• _YOUR OBJECTIVE_
Will you write out, word for word, every line from the one with "Keywords: 10 Dollars, Clark, Gruber" to the final line of the data below, with the pictures left out?

• _COLLECTED DATA_
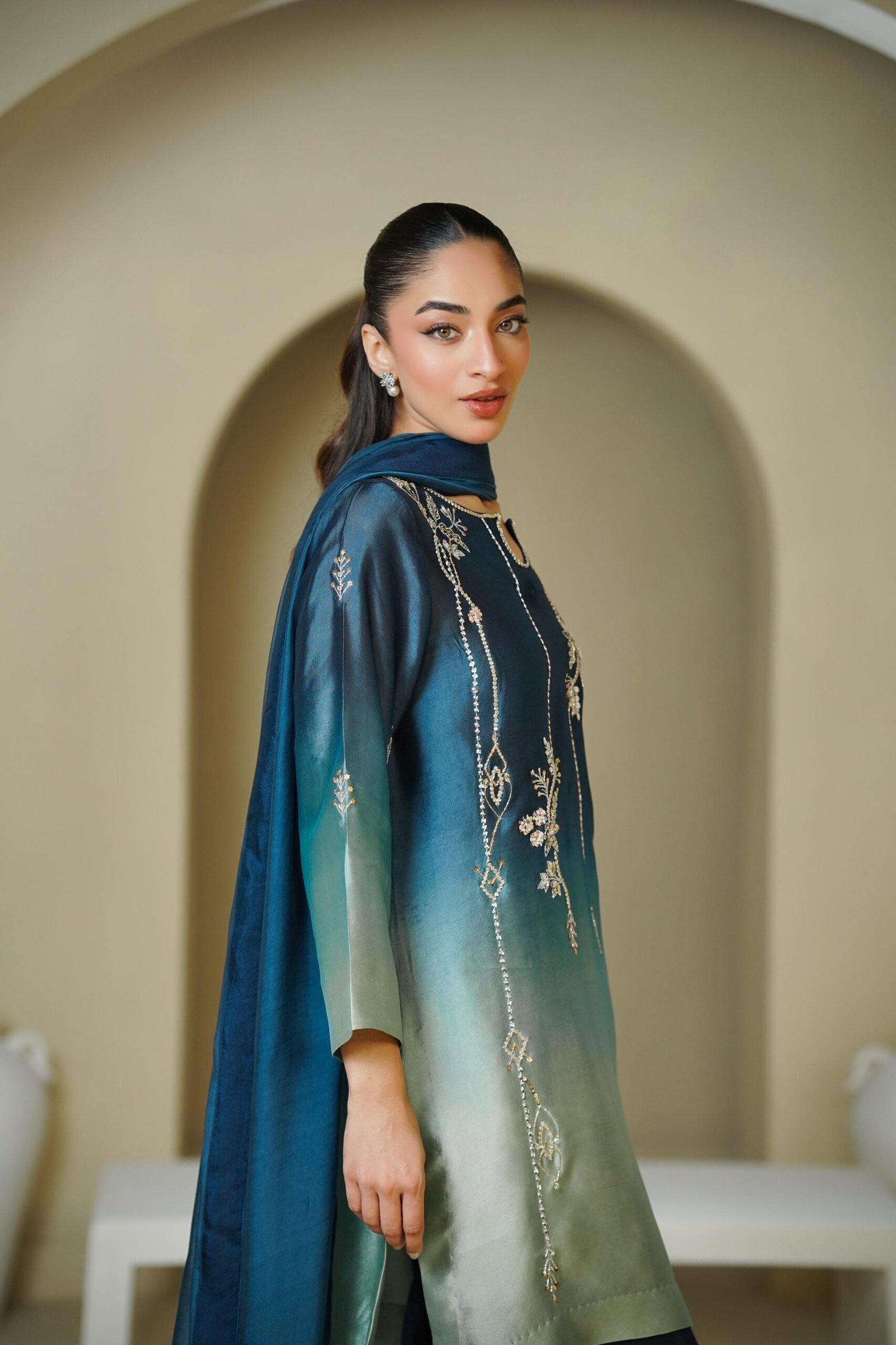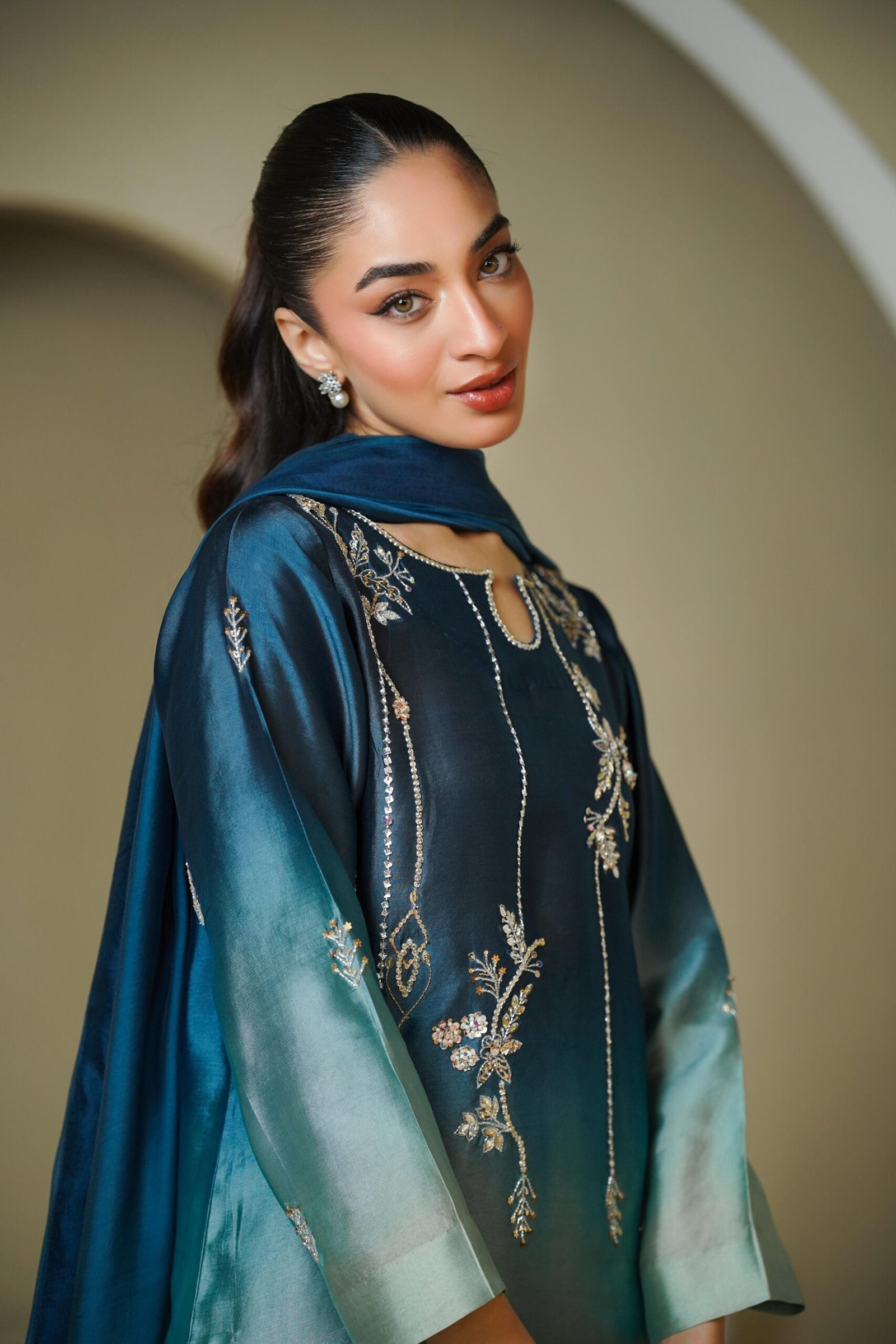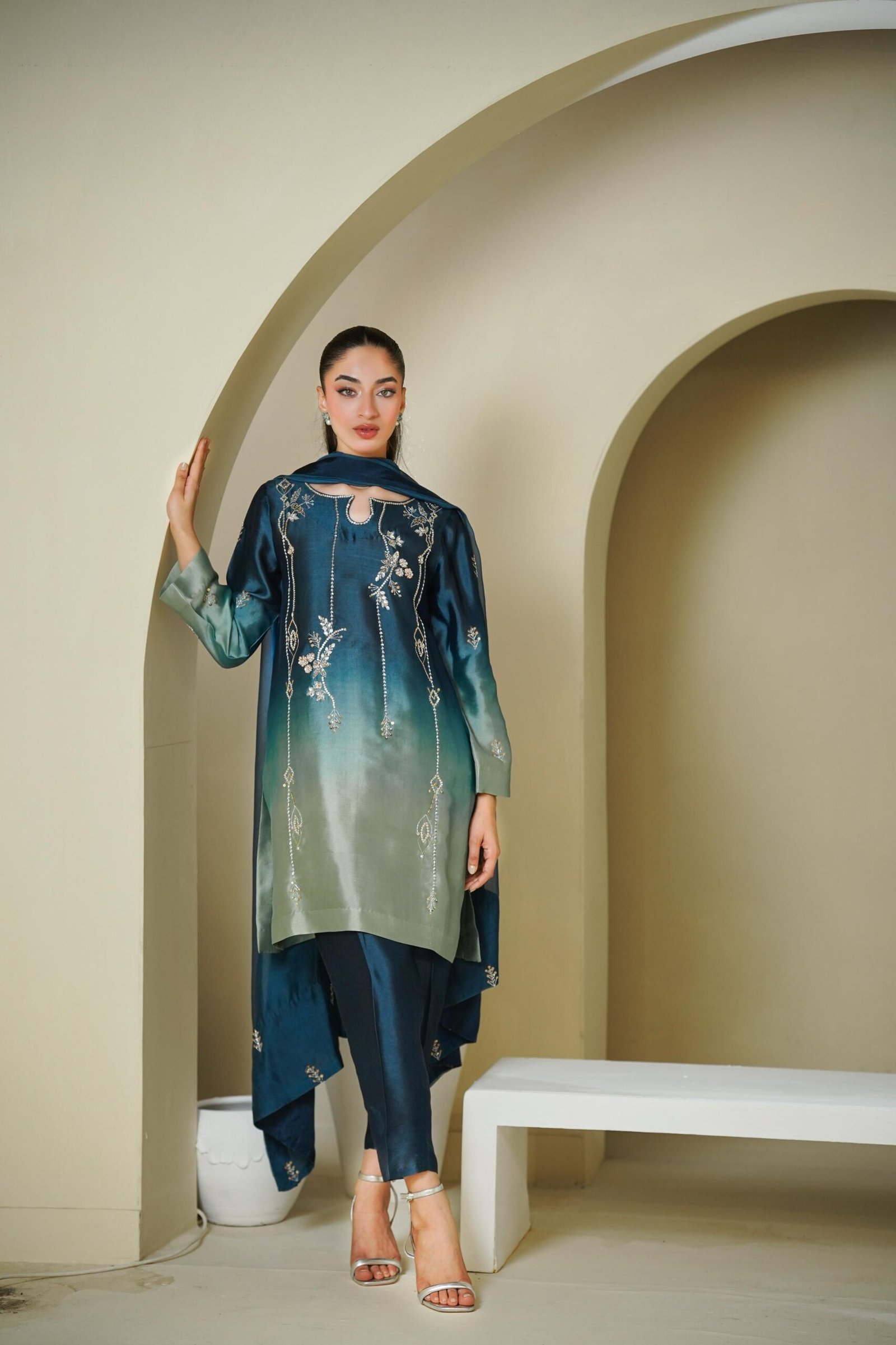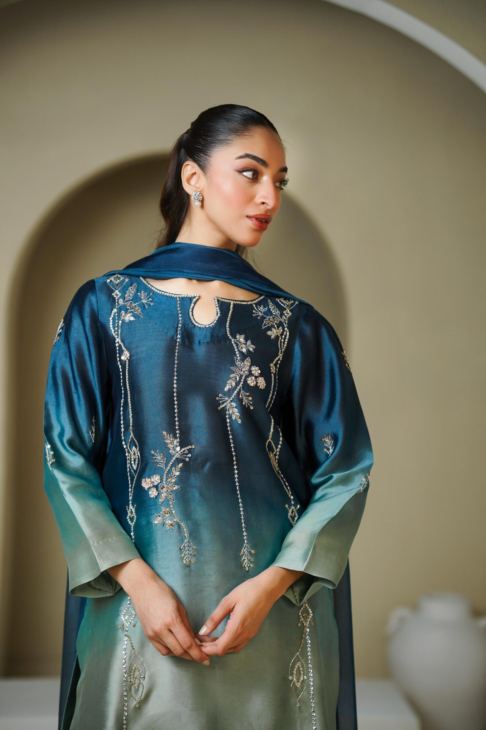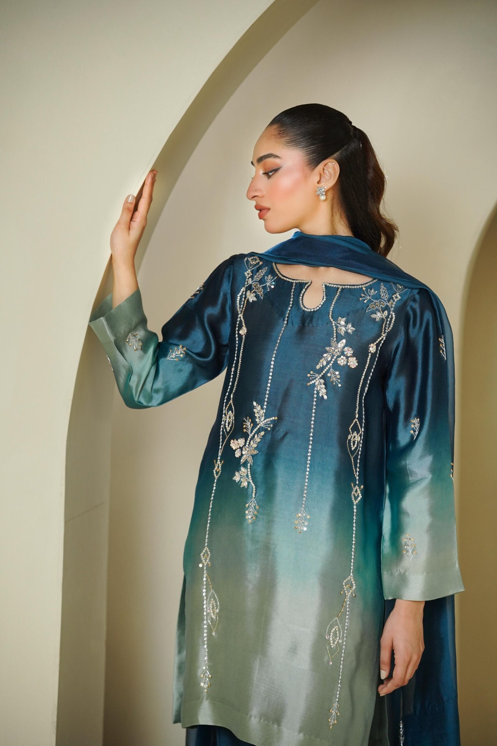 Ombré is an artistry creation crafted from premium pure sheesha silk. This ensemble features a  short shirt, shalwar and dupatta. The design showcases intricate handwork of stones and sequence on the shirt and dupatta borders . A perfect blend of modern artistry and a timeless piece.
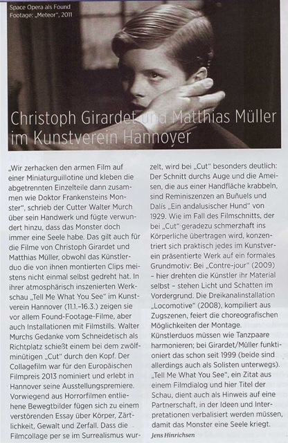 Elena Duque: Matthias Müller y Christoph Girardet, (Des) montaje cinematográfico. In: Artecontexto, no. 26, 2010.
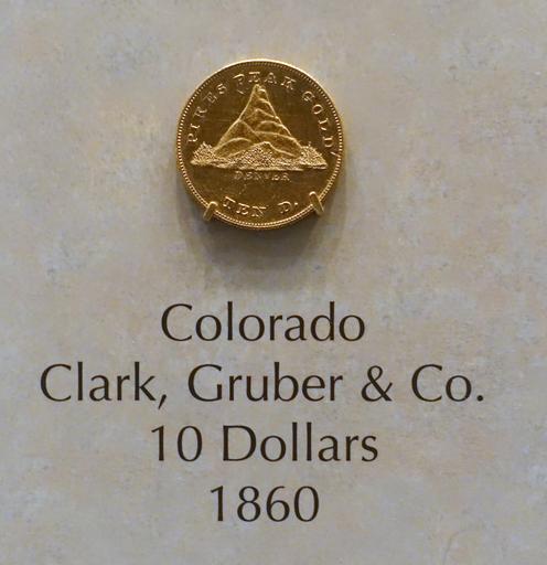 Keywords: 10 Dollars, Clark, Gruber & Co., Colorado, 1860 - National Museum of American History - DSC00222.jpg en Exhibit in the National Museum of American History Washington DC USA Photography was permitted in the museum without restriction 2015-03-27 11 32 20 own Daderot other versions cc-zero Coins of the Pike's Peak Gold Rush in the National Museum of American History |
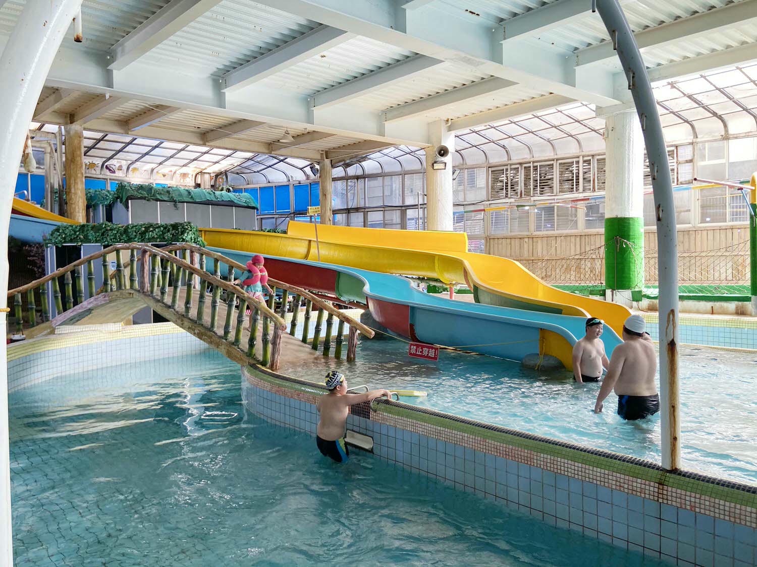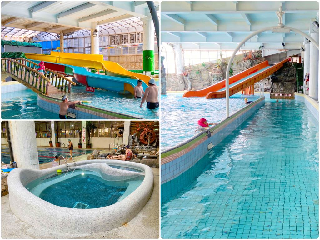 有漂漂河、滑水道、人造浪、冷/熱泡湯池、SPA池、兒童池、50m長泳池,

• _EXPECTED OUTPUT_
 Keywords: 10 Dollars, Clark, Gruber & Co., Colorado, 1860 - National Museum of American History - DSC00222.jpg en Exhibit in the National Museum of American History Washington DC USA Photography was permitted in the museum without restriction 2015-03-27 11 32 20 own Daderot other versions cc-zero Coins of the Pike's Peak Gold Rush in the National Museum of American History |
 有漂漂河、滑水道、人造浪、冷/熱泡湯池、SPA池、兒童池、50m長泳池,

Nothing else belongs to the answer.